Mid-cap companies generally have a market capitalization of between $2 billion and $10 billion. Mid-cap companies are established companies that operate in an industry expected to experience rapid growth. Mid-cap companies are in the process of expanding. They carry an inherently higher risk than large-cap companies because they are not as established, but they are attractive for their growth potential. One example of a mid-cap company is Eagle Materials Inc. (EXP).
Companies that have a market capitalization of between $300 million to $2 billion are generally classified as small-cap companies. These small companies could be younger and/or they could serve niche markets and new industries. These companies are considered higher-risk investments due to their age, the markets they serve, and their size. Smaller companies with fewer resources are more sensitive to economic slowdowns.
As a result, small-cap share prices tend to be more volatile and less liquid than more mature and larger companies. At the same time, small companies often provide greater growth opportunities than large caps. Even smaller companies are known as micro-cap, with values between approximately $50 million and $300 million.
Diluted Market Cap
A security’s market capitalization may change over time due to the outstanding number of shares. This is especially prevalent in cryptocurrency where new tokens or coins are issued or minted frequently.
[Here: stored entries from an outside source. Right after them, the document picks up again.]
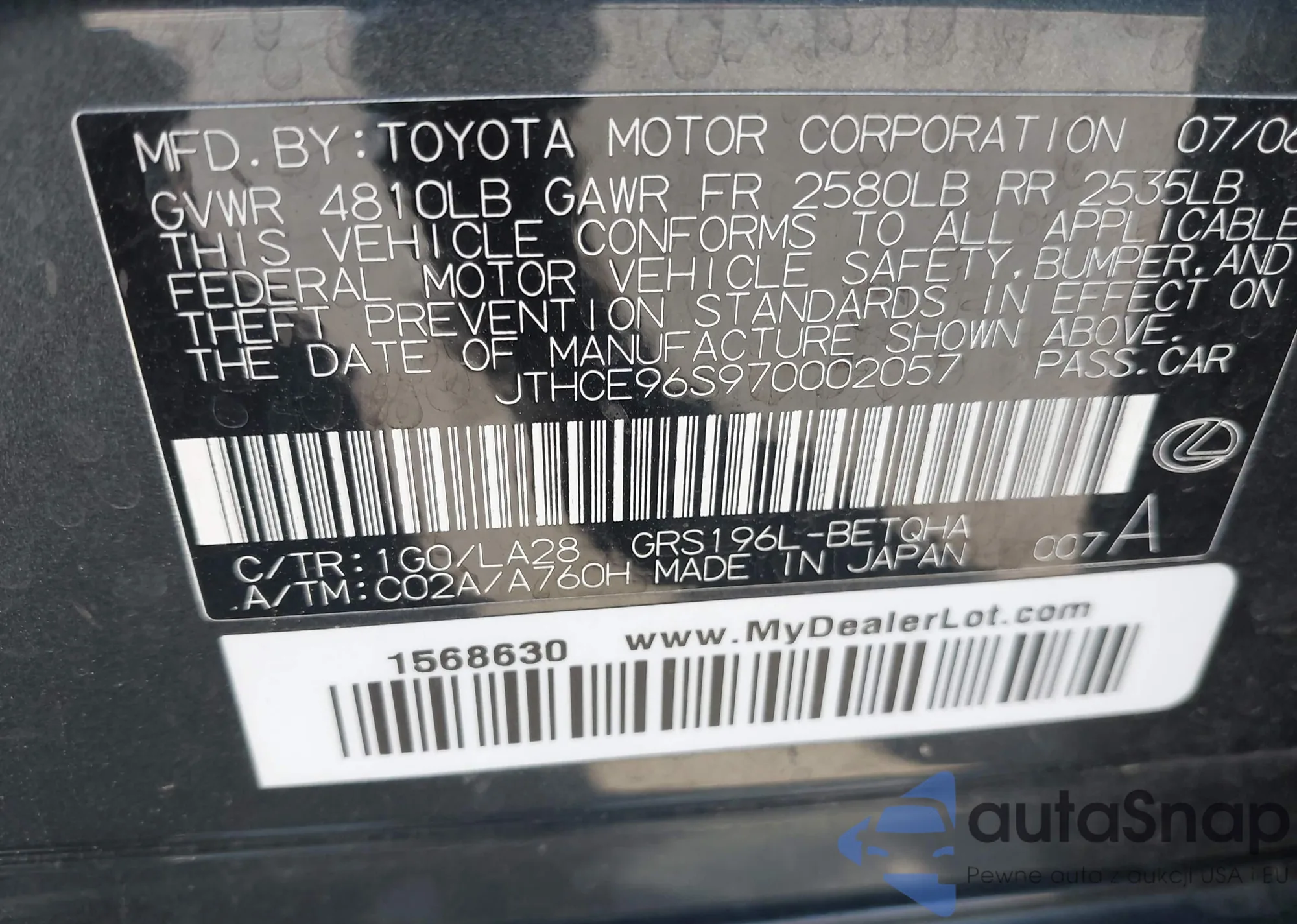VIN: JTHCE96S970002057
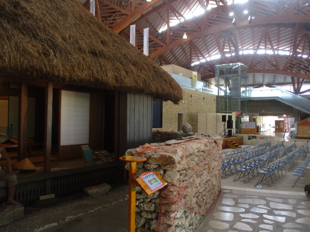 こちらはイベント広場の横に建つ「あまじいの家」。奄美大島南部から移築された古民家が展示されています。かつての奄美の家は茅葺き屋根で、周囲をサンゴ石の石垣が囲み、玄関はなく縁側から出入りしていました。与路島や喜界島などにも同様の古民家が残りますが、現在はさすがに茅葺き屋根ではありません。
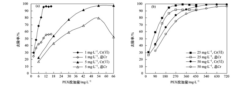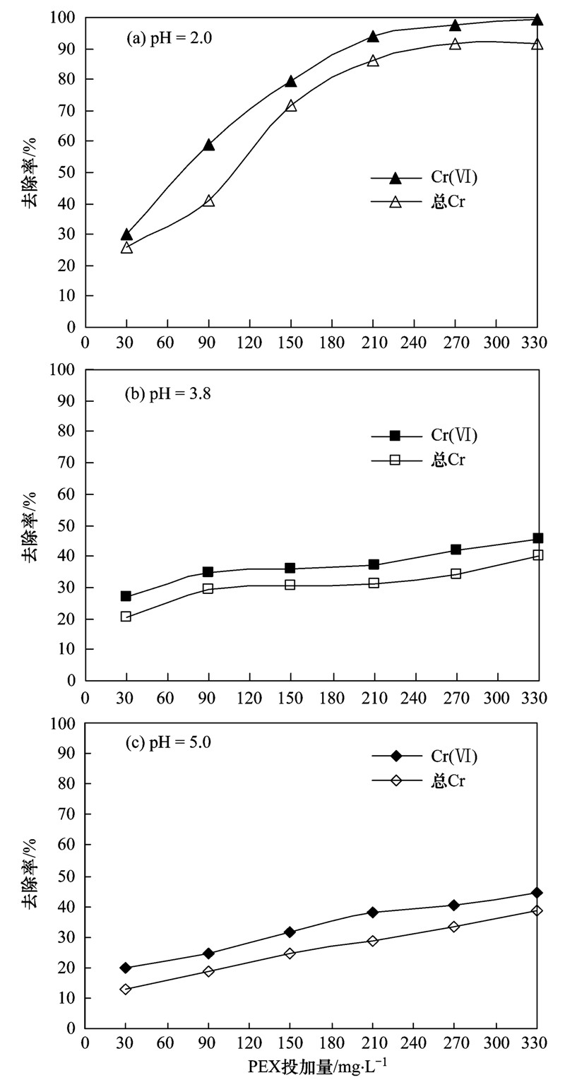 (2)pH值對PEX處理含鉻廢水影響較大,Cr(Ⅵ)和總Cr的去除率隨著體系中pH值的升高而明顯降低,在強(qiáng)酸條件下Cr(Ⅵ)和總Cr具有較高的去除效率.Cr(Ⅵ)和總Cr達(dá)到最高去除率時PEX投加量隨著Cr(Ⅵ)初始濃度的增加而增大,二者之間存在一定的化學(xué)計量關(guān)系.
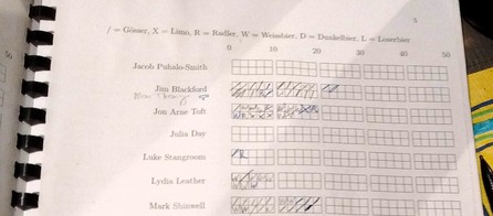 The record of the number of beers (and other drinks) that each person drinks from the common store in the potato hut looks like this. This is used when the treasurer does the final accounts reckoning after the end of expo.

Because new offerings theoretically thin the value of existing coins, tokens, or shares, a different market cap formula can be used to calculate what the potential market cap will be should all authorized shares or tokens be issued and still be worth the current trading price. This concept is referred to the diluted market cap, and the formula is:
Diluted Market Cap = Current Share Price * Total Number of Shares Authorized
For example, consider Bitcoin trading at roughly $24,000 per coin as of mid-August 2022. At the time of writing, there are also approximately 19.1 million Bitcoin issued. However, the total number of potential Bitcoin that may eventually be minted is 21 million. Therefore, Bitcoin’s market cap calculations are:
Market Cap = $24,000 * 19.1 million = $458.4 billion
Diluted Market Cap = $24,000 * 21 million = $504 billion
Analysts use diluted market cap to better understand potential changes to a security, token, or coin’s price. For example, imagine if all 21 million Bitcoin were minted tomorrow. If it were to retain the same market cap of $458.4 billion, the price would have to drop to roughly $21,828 ($458.4 billion / 21 million). Therefore, companies with large inventories of unissued securities or coins are at greater risk to face price decreases if investors wish to keep its market cap the same regardless of outstanding tokens.
Misconceptions About Market Caps
Although it is used often to describe a company, the market cap does not measure the equity value of a company. Only a thorough analysis of a company’s fundamentals can do that. It is inadequate to value a company because the market price on which it is based does not necessarily reflect how much a piece of the business is worth. Shares are often over- or undervalued by the market, meaning the market price determines only how much the market is willing to pay for its shares.
Although it measures the cost of buying all of a company’s shares, the market cap does not determine the amount the company would cost to acquire in a merger transaction. A better method of calculating the price of acquiring a business outright is the enterprise value.